**ACTIVITY:** What's wanted is a faithful retyping of every entry, pictures excluded.

**Excerpts from a dataset:**
[Start of section]
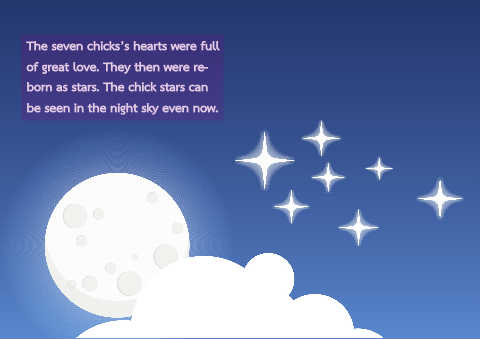 The seven chicks’s hearts were full of great love. They then were re- born as stars. The chick stars can be seen in the night sky even now.
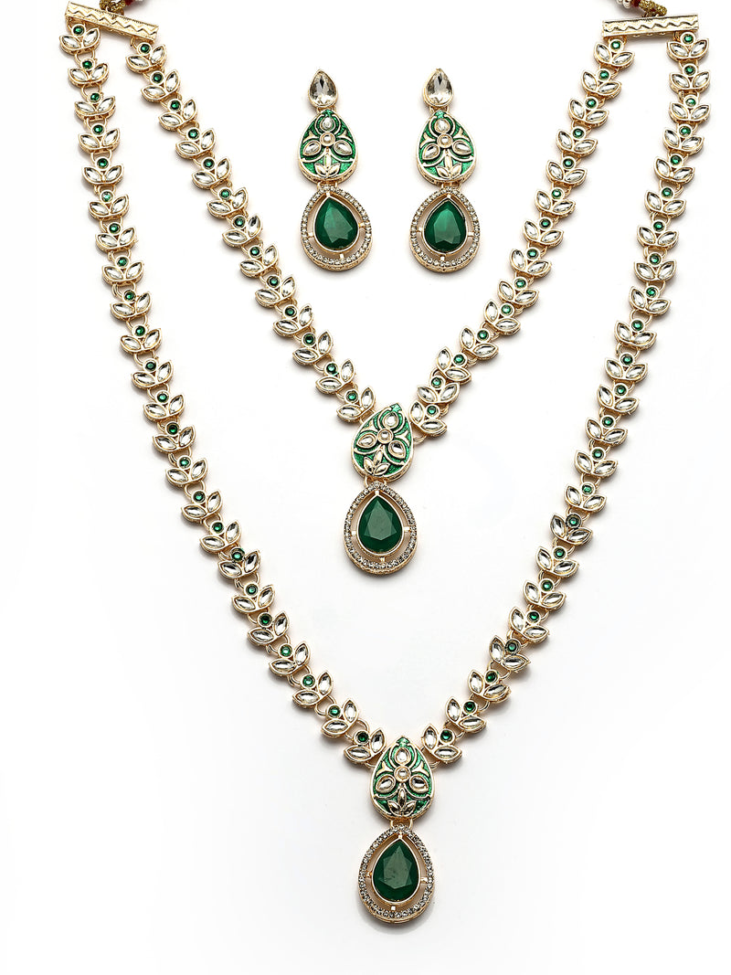 Sukkhi Impressive Gold Plated AD Stones Studded Green Layer Choker Necklace Set with Drop Earrings Jewellery for Women & Girls|Jewellery for Party, Wedding, and Festive Occasions for Women|Enhance your festive charm with this impressive gold-plated green layered choker necklace set from Sukkhi. Embellished with sparkling AD stones and rich green accents, the layered design brings depth and grace to any traditional outfit. The matching drop earrings complement the necklace, creating a well-balanced and eye-catching appearance. Ideal for weddings, parties, and festive gatherings, this jewellery set is crafted to highlight your neckline and elevate your ethnic wear. Perfect for women and girls who enjoy vibrant accessories, it serves as a thoughtful gift or a delightful addition to your personal jewellery collection for special celebrations.
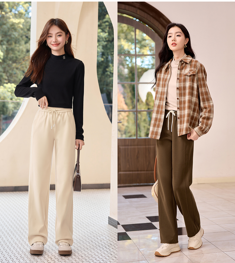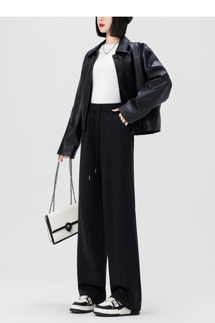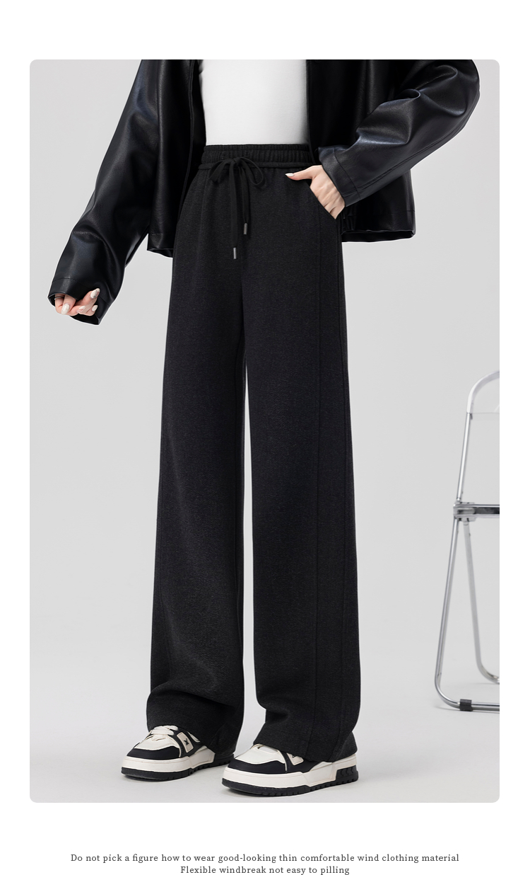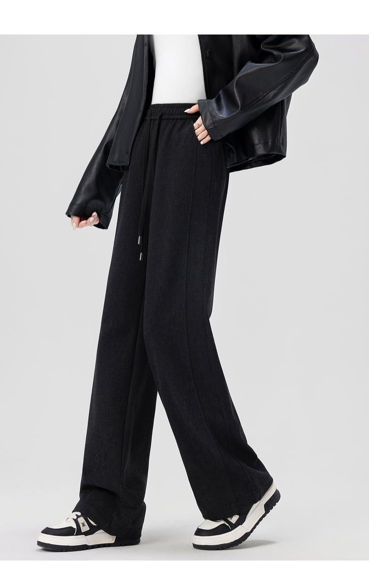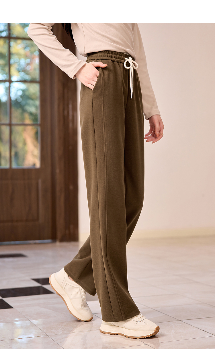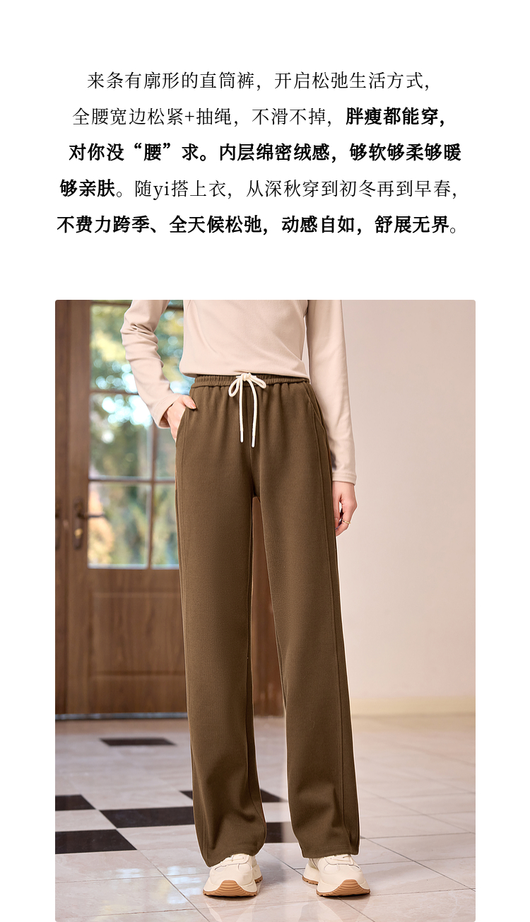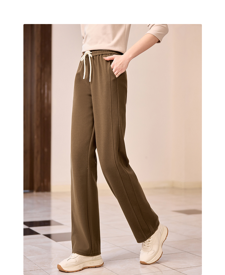 【年终特卖】熙世界针织阔腿裤女秋冬垂感2025新款梨形身材休闲窄版直筒裤子
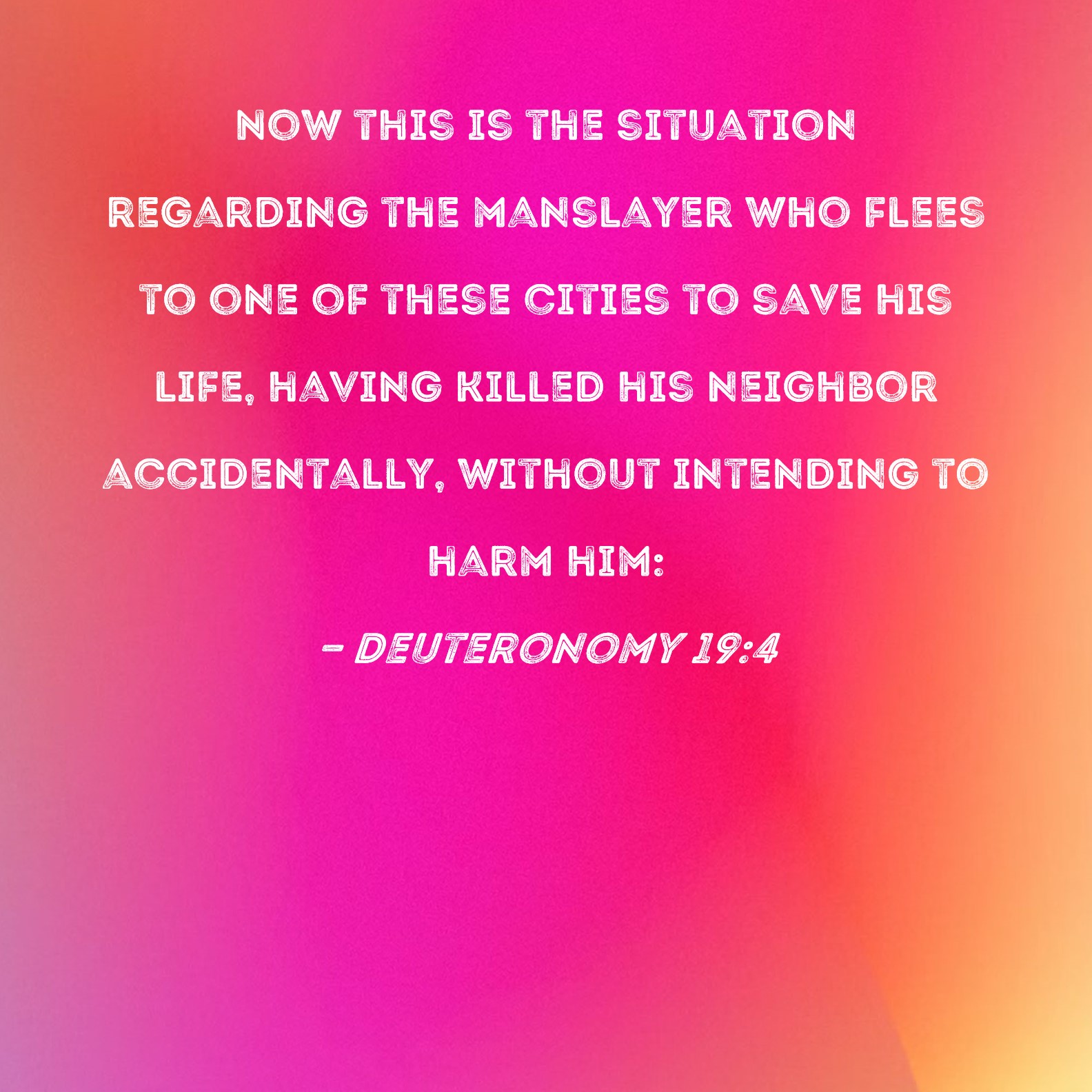 Deuteronomy 19:4 Now this is the situation regarding the manslayer who flees to one of these cities to save his life, having killed his neighbor accidentally, without intending to harm him:
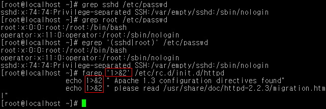 다음 그림처럼 fgrep명령어는 '>&'기호를 그대로 인식하여 출력하기 때문에 처리속도가 빠르다.
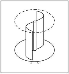 Um pequeno cata-vento do tipo Savonius, como o esquematizado na figura ao lado, acoplado a uma bomba d'água, é utilizado em uma propriedade rural. A potência útil P (W) desse sistema para bombeamento de água pode ser obtida pela expressão P = 0,1 x A x v3, em que A (m2) é a área total das pás do cata-vento e v (m/s), a velocidade do vento. Considerando um cata-vento com área total das pás de 2 m2, velocidade do vento de 5 m/s e a água sendo elevada de 7,5 m na vertical, calcule
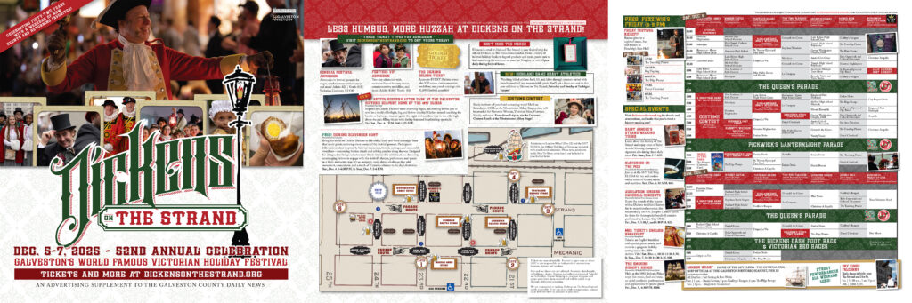PLEASE NOTE: Tickets are non-refundable. The festival is open, rain or shine. GHF is not responsible for independent transactions between visitors and vendors. We are committed to making Dickens on The Strand special needs accessible. If we can assist with arrangements, please contact us at 409-765-7834 before your visit.
[End of section]
**THE COMPLETED TASK:**
 The seven chicks’s hearts were full of great love. They then were re- born as stars. The chick stars can be seen in the night sky even now.
 Sukkhi Impressive Gold Plated AD Stones Studded Green Layer Choker Necklace Set with Drop Earrings Jewellery for Women & Girls|Jewellery for Party, Wedding, and Festive Occasions for Women|Enhance your festive charm with this impressive gold-plated green layered choker necklace set from Sukkhi. Embellished with sparkling AD stones and rich green accents, the layered design brings depth and grace to any traditional outfit. The matching drop earrings complement the necklace, creating a well-balanced and eye-catching appearance. Ideal for weddings, parties, and festive gatherings, this jewellery set is crafted to highlight your neckline and elevate your ethnic wear. Perfect for women and girls who enjoy vibrant accessories, it serves as a thoughtful gift or a delightful addition to your personal jewellery collection for special celebrations.
 【年终特卖】熙世界针织阔腿裤女秋冬垂感2025新款梨形身材休闲窄版直筒裤子
 Deuteronomy 19:4 Now this is the situation regarding the manslayer who flees to one of these cities to save his life, having killed his neighbor accidentally, without intending to harm him:
 다음 그림처럼 fgrep명령어는 '>&'기호를 그대로 인식하여 출력하기 때문에 처리속도가 빠르다.
 Um pequeno cata-vento do tipo Savonius, como o esquematizado na figura ao lado, acoplado a uma bomba d'água, é utilizado em uma propriedade rural. A potência útil P (W) desse sistema para bombeamento de água pode ser obtida pela expressão P = 0,1 x A x v3, em que A (m2) é a área total das pás do cata-vento e v (m/s), a velocidade do vento. Considerando um cata-vento com área total das pás de 2 m2, velocidade do vento de 5 m/s e a água sendo elevada de 7,5 m na vertical, calcule
PLEASE NOTE: Tickets are non-refundable. The festival is open, rain or shine. GHF is not responsible for independent transactions between visitors and vendors. We are committed to making Dickens on The Strand special needs accessible. If we can assist with arrangements, please contact us at 409-765-7834 before your visit.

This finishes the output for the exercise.